The Federal Energy Regulatory Commission audits electric utilities, ISOs, and RTOs and publishes its final audit reports (FY2015–present) at ferc.gov/audits. Each one documents specific findings of noncompliance and the corrective recommendations that follow, which is useful to anyone navigating energy regulation, but it ships as one more standalone PDF in a pile of dozens, so the patterns across the corpus are invisible. My use case is to read those audits as a body of evidence: which findings keep coming back, what FERC recommends, and how it differs between financial (FA) and non-financial (PA) audits. The longer-term goal is an "audit-my-document" tool that flags the likely issues in a new filing using patterns mined from this history.
How It Works
Every finding links straight back to the official FERC audit it came from. The tool surfaces what the reports already say and doesn't add anything on top. I vibe-coded the extraction-and-structuring pipeline and then pinned it down with a pytest suite so the parsing stays honest:
- Data sources: FERC's final audit reports (FY2015–present), all public, from ferc.gov/audits; a scraped index of 71 reports seeds a Python CLI pipeline (fetch → extract → structure → patterns → build) that downloads each PDF (rate-limited and cached) and classifies it by FERC form → industry to isolate the Form 1 (electric) subset: both financial (FA) and non-financial (PA) audits of electric utilities, ISOs, and RTOs.
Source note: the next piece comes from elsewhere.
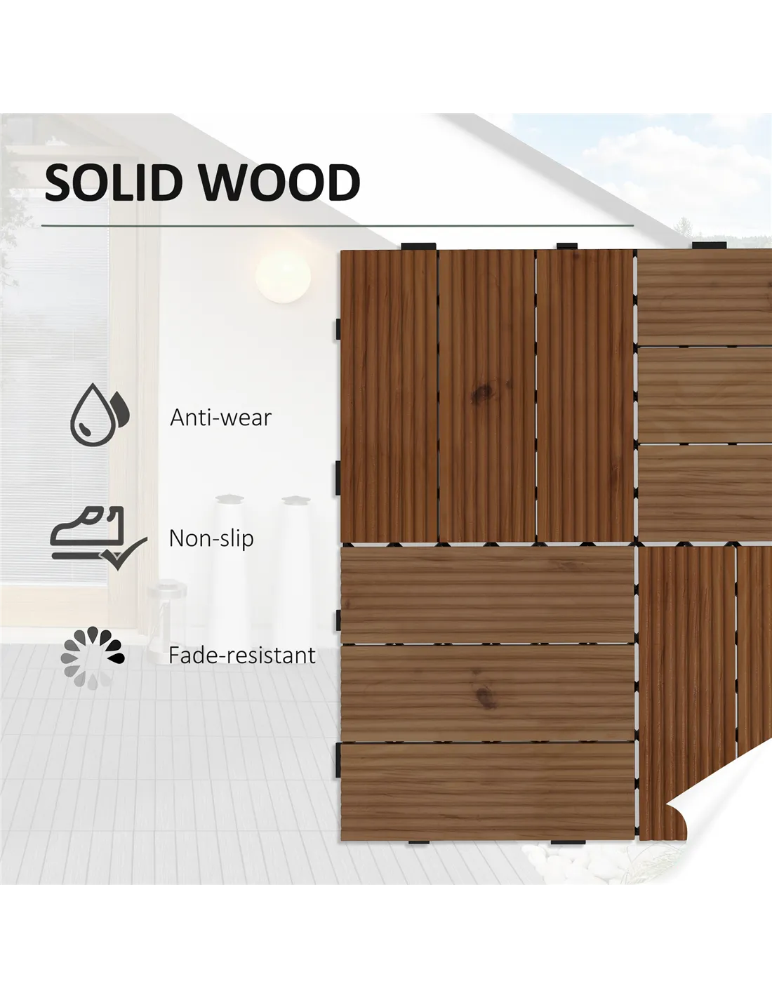 Outsunny 27 Pcs Wooden Interlocking Decking Tiles, 30 x 30 cm Anti-slip Outdoor Flooring Tiles, 0.81㎡ per Pack, All Weather Use for Patio, Balcony, Terrace, Hot Tub, Brown
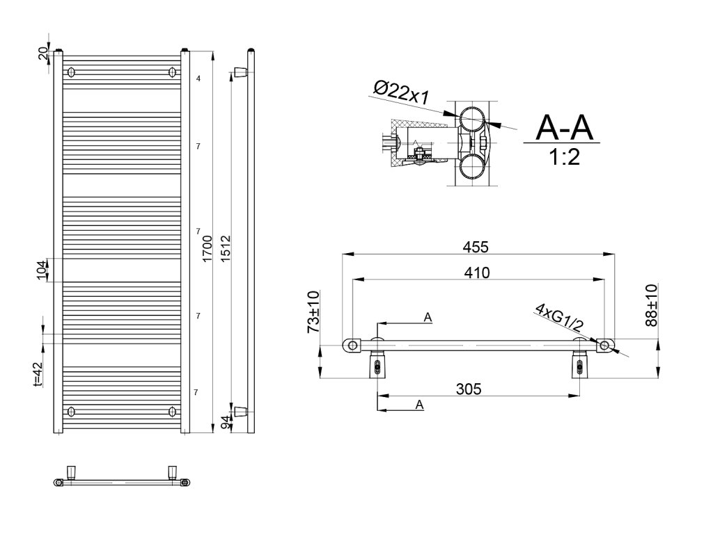 Aqualine DIRECT otopné těleso s bočním připojením 450x1700 mm, bílá ILR64E

It then turns each PDF into per-page text and structures the findings of noncompliance, the corrective recommendations, and the cross-report themes. The pipeline is idempotent (re-runs skip cached downloads); v1 deliberately structures the most-recent electric reports as a proof of concept, with gas (Form 2) and oil (Form 6) reports classified but out of scope for now.
- Where it comes from: every record carries its source URL and capture date back to the official FERC report, so any finding can be traced to the audit it came from.
- UX: a static, vanilla HTML/CSS/JS site (no backend, no framework) that reads baked JSON and is deployed to GitHub Pages.